Certainly looks like that. And here I just thought it was an interested newbie trying to learn.

Well, I'm just a newbie trying to learn. Implementing this thing will require much more knowledge, so you can be relaxed!

Anyways, thanks to both, because nnow I understand blockchain clearly.

[BlackHatCoiner]

But I would like to ask, recovering the pubkey from its signature it's really expensive process or not?

It's considered expensive, but it's not going to take lots of computational effort. See: [Questions] Public key cost comparison.

Then, I¡ll need to find duplicates.

What do you mean duplicates? Addresses that have spent once and still have a balance?

Well, I'm just a newbie trying to learn. Implementing this thing will require much more knowledge, so you can be relaxed!

Perhaps you're using Google Translate as this neither makes sense.

[anubisthecracker]

What do you mean duplicates? Addresses that have spent once and still have a balance?

Addresses that are duplicated on the list. But I edited my last post, all the addresses I crawled are not duped because the program was storing all addrs in a map.

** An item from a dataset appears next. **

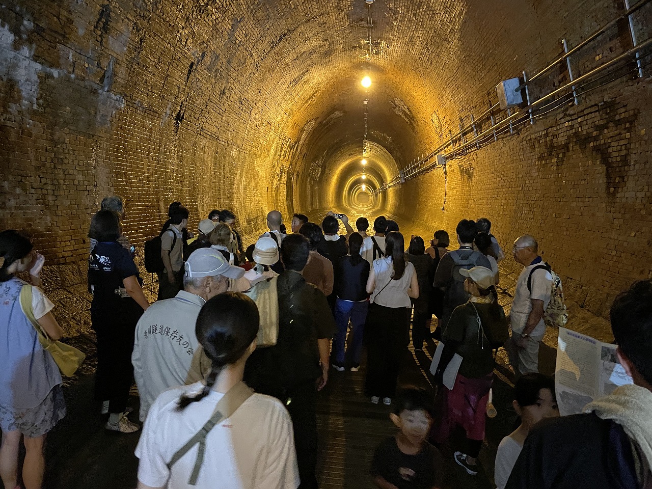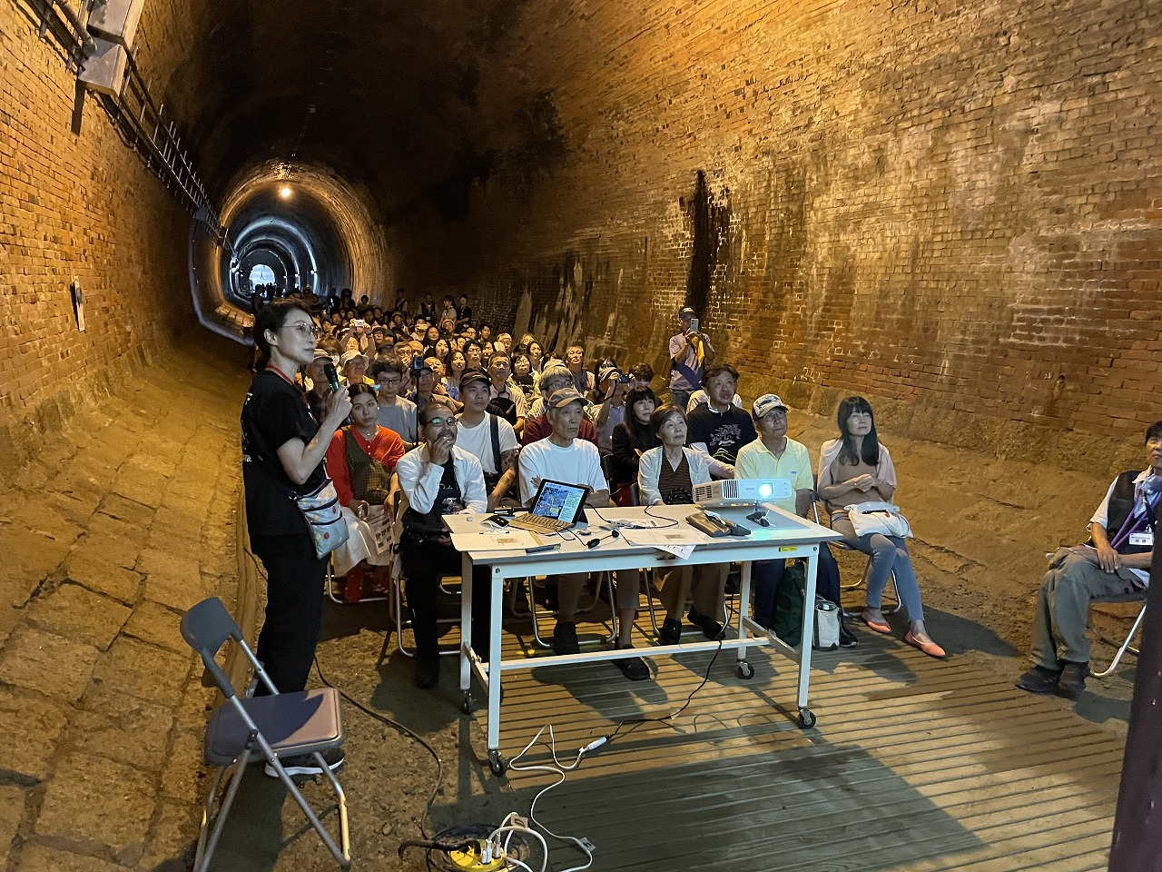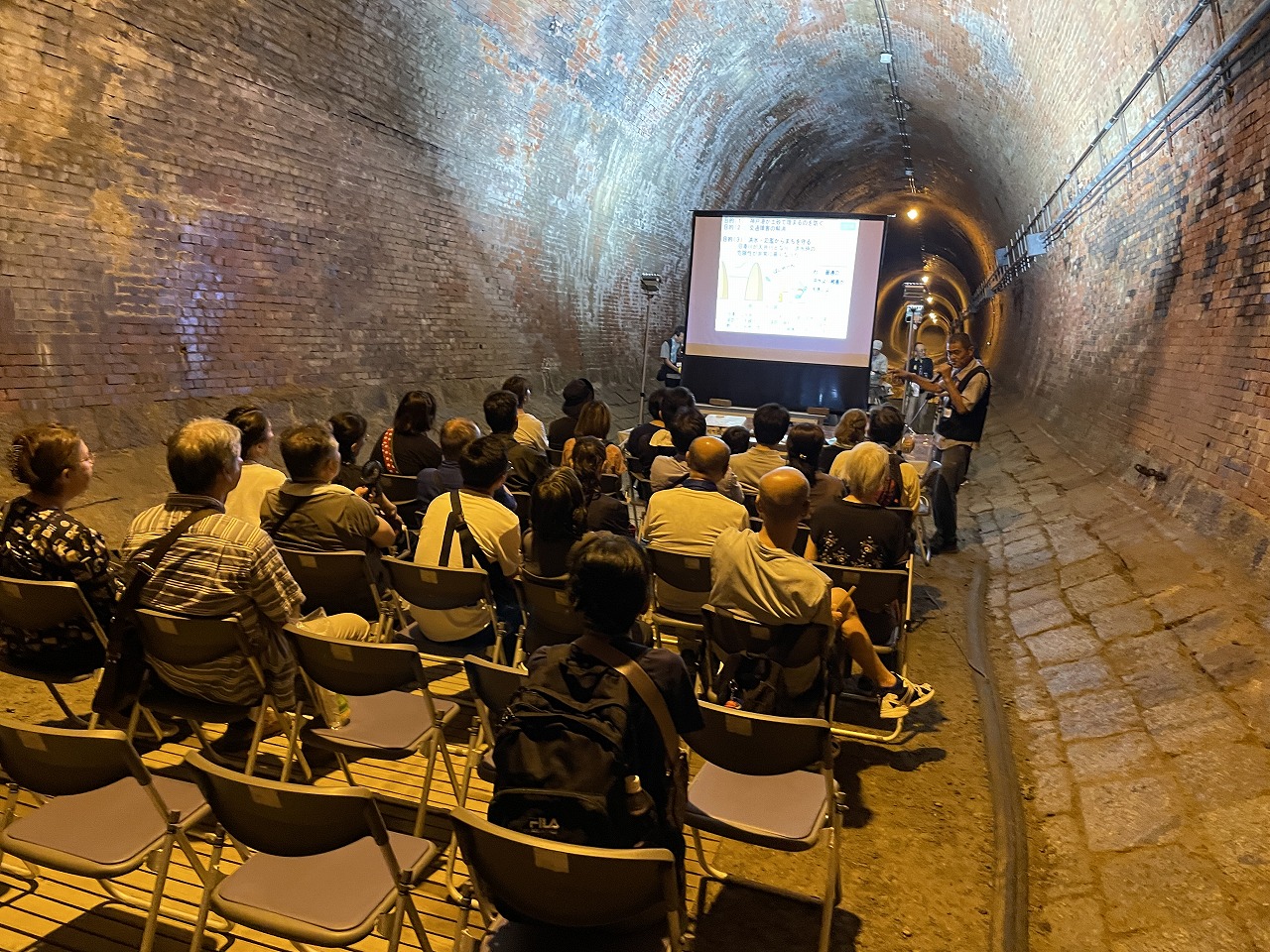 隧道内にでは、スライドを使った説明会を開催しています。

Perhaps you're using Google Translate as this neither makes sense.

No, I don't.

[o_e_l_e_o]

But I would like to ask, recovering the pubkey from its signature it's really expensive process or not?

Not hugely for a handful of addresses. You need to hash the message if you don’t already have the hash, calculate the multiplicative inverse of r, and some elliptic curve multiplication, but the rest is pretty trivial. Different if you want to do it for millions of messages/signatures. You would only need to do this to recover the public key from a signed message which was not a transaction though, since with transactions the public key is revealed anyway.

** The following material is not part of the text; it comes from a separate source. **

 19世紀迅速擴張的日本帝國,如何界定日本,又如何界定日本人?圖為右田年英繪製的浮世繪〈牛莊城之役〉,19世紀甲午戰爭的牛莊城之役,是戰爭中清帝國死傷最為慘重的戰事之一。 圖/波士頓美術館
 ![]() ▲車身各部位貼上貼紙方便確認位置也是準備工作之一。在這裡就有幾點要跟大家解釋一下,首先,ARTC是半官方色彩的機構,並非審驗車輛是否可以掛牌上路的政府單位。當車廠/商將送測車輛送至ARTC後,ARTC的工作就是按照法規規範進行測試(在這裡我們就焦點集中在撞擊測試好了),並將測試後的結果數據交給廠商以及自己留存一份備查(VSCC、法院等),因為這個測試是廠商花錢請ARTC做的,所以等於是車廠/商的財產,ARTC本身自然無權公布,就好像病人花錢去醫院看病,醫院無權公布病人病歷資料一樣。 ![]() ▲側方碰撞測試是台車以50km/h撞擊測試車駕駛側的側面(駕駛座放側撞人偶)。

I mean that the only addresses that have money are utxos with a positive balance, everything else isn't worth it.

The only addresses which have money are addresses which contain unspent UTXOs. You can't deduct part of a balance from a UTXO like you can with an address. You either spend the entire UTXO or you spend none of it.

[anubisthecracker]

Thanks for your response,

I have done some research, this repositories has interesting methods:

- https://github.com/bitcoin-core/btcdeb/blob/master/doc/btcdeb.md
- https://github.com/yogh-io/bitcoin-transaction-explorer (in Java)

But the one that I think is the best, is this: https://github.com/Bit-Wasp/bitcoin-p2p-php/issues/29 (the problem is that the code has changed a lot since 2015, so I'll be researching on this).

It can run on top of the bitcoind, so I can be interesting because I don't need to stop it.